> _Given data_:
☆ ☆ ☆ ☆ ☆ ☆ ☆

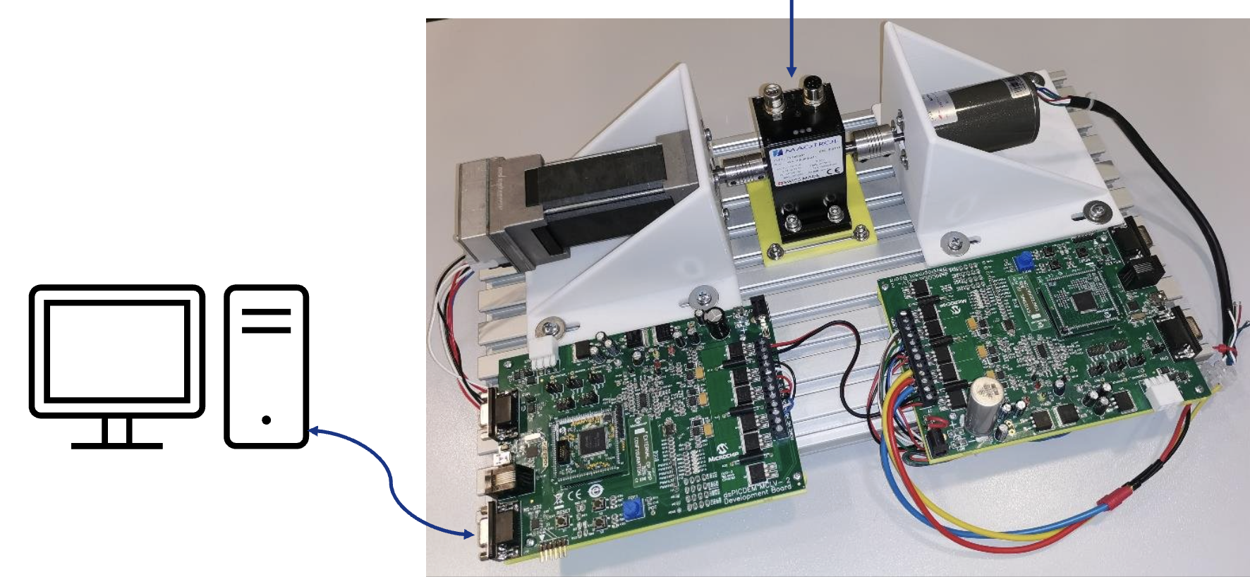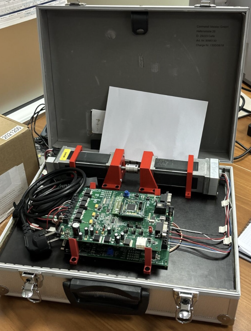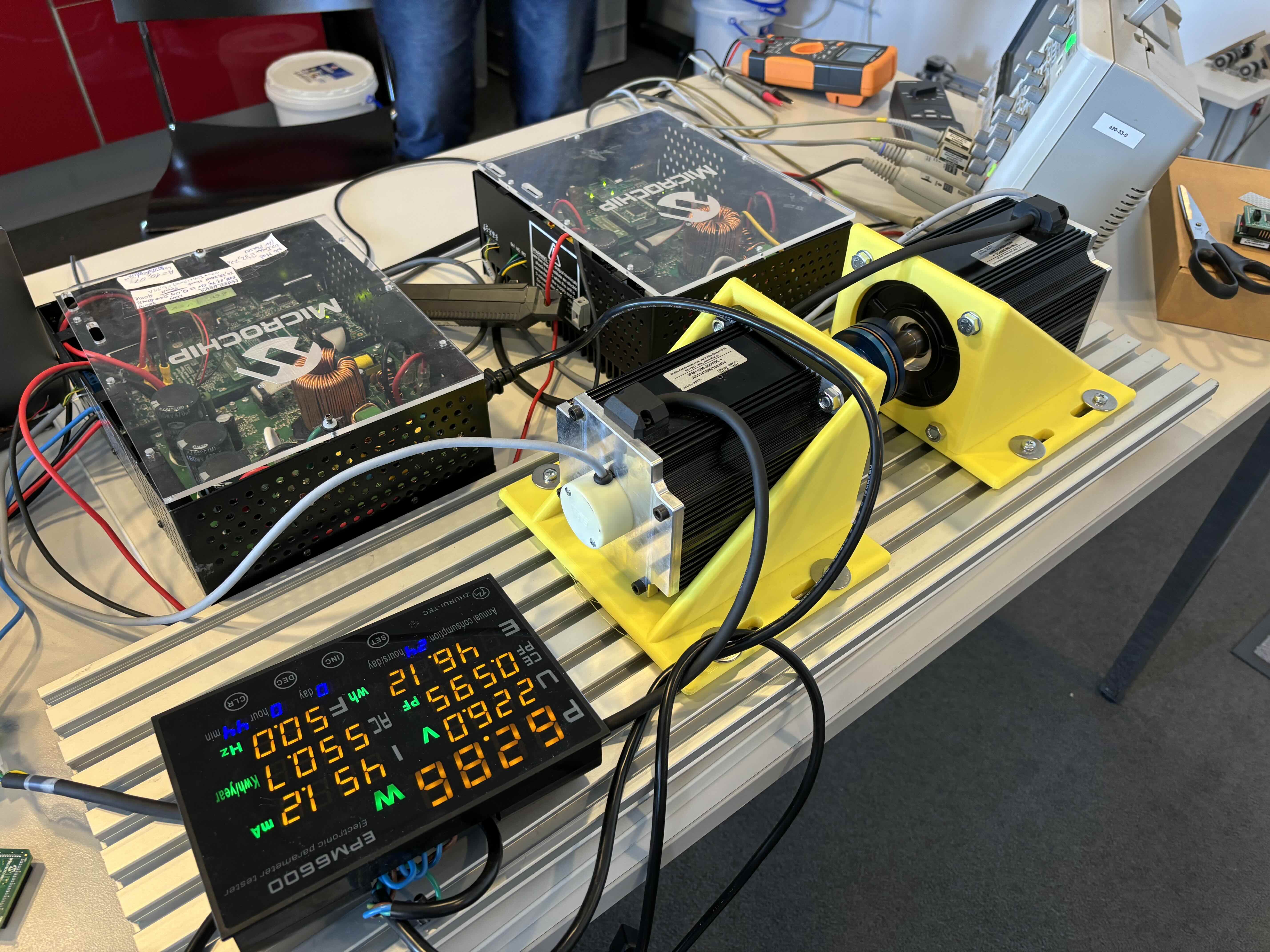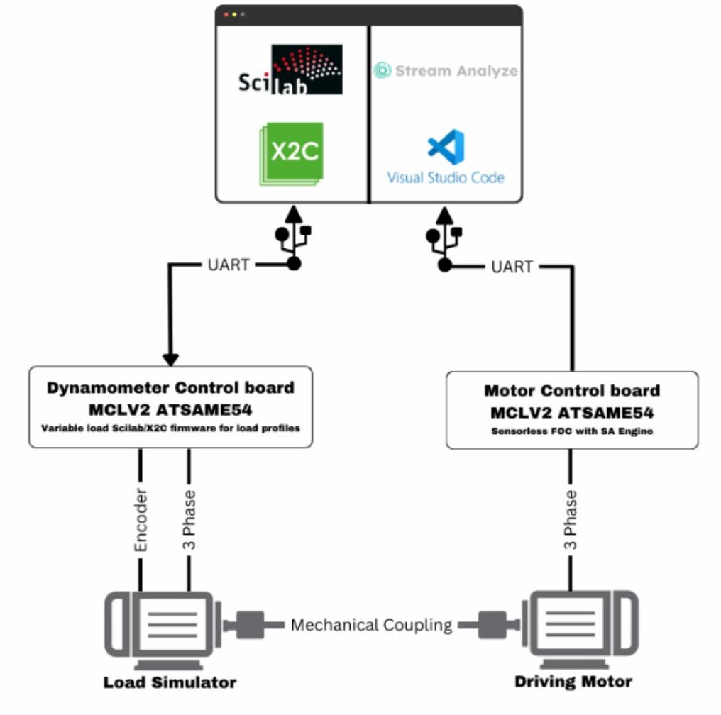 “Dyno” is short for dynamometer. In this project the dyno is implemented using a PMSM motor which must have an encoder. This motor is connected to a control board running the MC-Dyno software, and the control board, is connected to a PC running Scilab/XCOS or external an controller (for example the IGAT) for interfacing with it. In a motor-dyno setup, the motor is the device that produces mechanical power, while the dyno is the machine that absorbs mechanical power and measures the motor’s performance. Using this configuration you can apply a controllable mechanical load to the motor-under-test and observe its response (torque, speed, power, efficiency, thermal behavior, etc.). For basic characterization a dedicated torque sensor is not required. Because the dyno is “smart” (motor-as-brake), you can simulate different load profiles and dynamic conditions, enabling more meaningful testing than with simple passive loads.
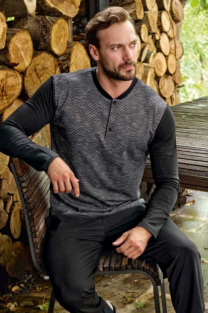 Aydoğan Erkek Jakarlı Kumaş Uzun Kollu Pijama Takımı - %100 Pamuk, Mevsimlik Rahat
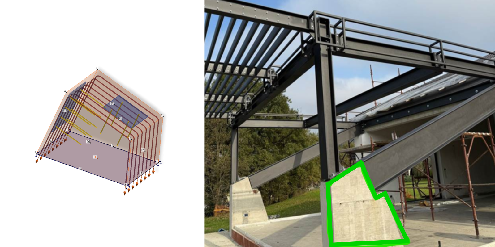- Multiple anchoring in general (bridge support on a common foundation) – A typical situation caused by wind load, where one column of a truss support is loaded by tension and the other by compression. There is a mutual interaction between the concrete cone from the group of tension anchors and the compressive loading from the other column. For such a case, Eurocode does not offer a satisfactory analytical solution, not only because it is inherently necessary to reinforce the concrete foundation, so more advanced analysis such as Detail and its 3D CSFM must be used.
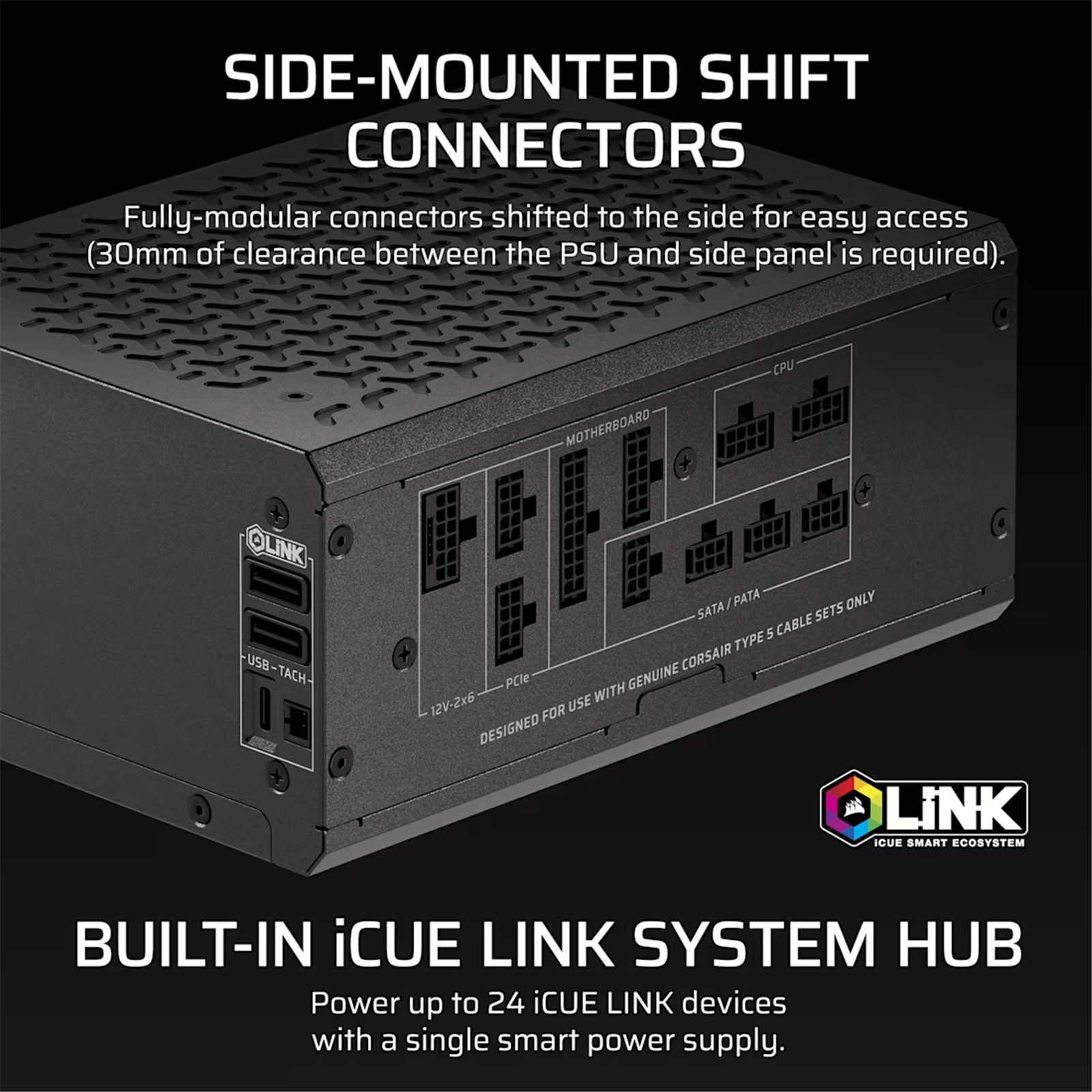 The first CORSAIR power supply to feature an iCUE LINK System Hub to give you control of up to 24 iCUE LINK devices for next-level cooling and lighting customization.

☆ ☆ ☆ ☆ ☆ ☆ ☆

> _Exercise goal_: Without any pictures, transcribe the listing above exactly as written.

> _Exercise output_:
 “Dyno” is short for dynamometer. In this project the dyno is implemented using a PMSM motor which must have an encoder. This motor is connected to a control board running the MC-Dyno software, and the control board, is connected to a PC running Scilab/XCOS or external an controller (for example the IGAT) for interfacing with it. In a motor-dyno setup, the motor is the device that produces mechanical power, while the dyno is the machine that absorbs mechanical power and measures the motor’s performance. Using this configuration you can apply a controllable mechanical load to the motor-under-test and observe its response (torque, speed, power, efficiency, thermal behavior, etc.). For basic characterization a dedicated torque sensor is not required. Because the dyno is “smart” (motor-as-brake), you can simulate different load profiles and dynamic conditions, enabling more meaningful testing than with simple passive loads.
 Aydoğan Erkek Jakarlı Kumaş Uzun Kollu Pijama Takımı - %100 Pamuk, Mevsimlik Rahat
- Multiple anchoring in general (bridge support on a common foundation) – A typical situation caused by wind load, where one column of a truss support is loaded by tension and the other by compression. There is a mutual interaction between the concrete cone from the group of tension anchors and the compressive loading from the other column. For such a case, Eurocode does not offer a satisfactory analytical solution, not only because it is inherently necessary to reinforce the concrete foundation, so more advanced analysis such as Detail and its 3D CSFM must be used.
 The first CORSAIR power supply to feature an iCUE LINK System Hub to give you control of up to 24 iCUE LINK devices for next-level cooling and lighting customization.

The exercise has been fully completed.